REQUIRED ACTION: For the material that follows, return exactly the lines from the one with "Useless busty big" through the one with "バネを採用し組み立てる部材が", both ends included.

++++ DATA PROVIDED ++++

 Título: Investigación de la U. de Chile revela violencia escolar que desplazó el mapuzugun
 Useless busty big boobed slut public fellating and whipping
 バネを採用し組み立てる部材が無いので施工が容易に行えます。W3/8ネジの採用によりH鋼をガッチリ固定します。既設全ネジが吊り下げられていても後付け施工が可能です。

++++
++++ DATA PROVIDED ++++

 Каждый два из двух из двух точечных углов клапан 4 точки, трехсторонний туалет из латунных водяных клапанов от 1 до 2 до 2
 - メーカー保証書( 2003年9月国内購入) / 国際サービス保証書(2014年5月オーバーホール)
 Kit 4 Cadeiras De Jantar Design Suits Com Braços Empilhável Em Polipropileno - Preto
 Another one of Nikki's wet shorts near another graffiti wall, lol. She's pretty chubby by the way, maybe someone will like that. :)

++++

EXERCISE OUTPUT:
 Useless busty big boobed slut public fellating and whipping
 バネを採用し組み立てる部材が無いので施工が容易に行えます。W3/8ネジの採用によりH鋼をガッチリ固定します。既設全ネジが吊り下げられていても後付け施工が可能です。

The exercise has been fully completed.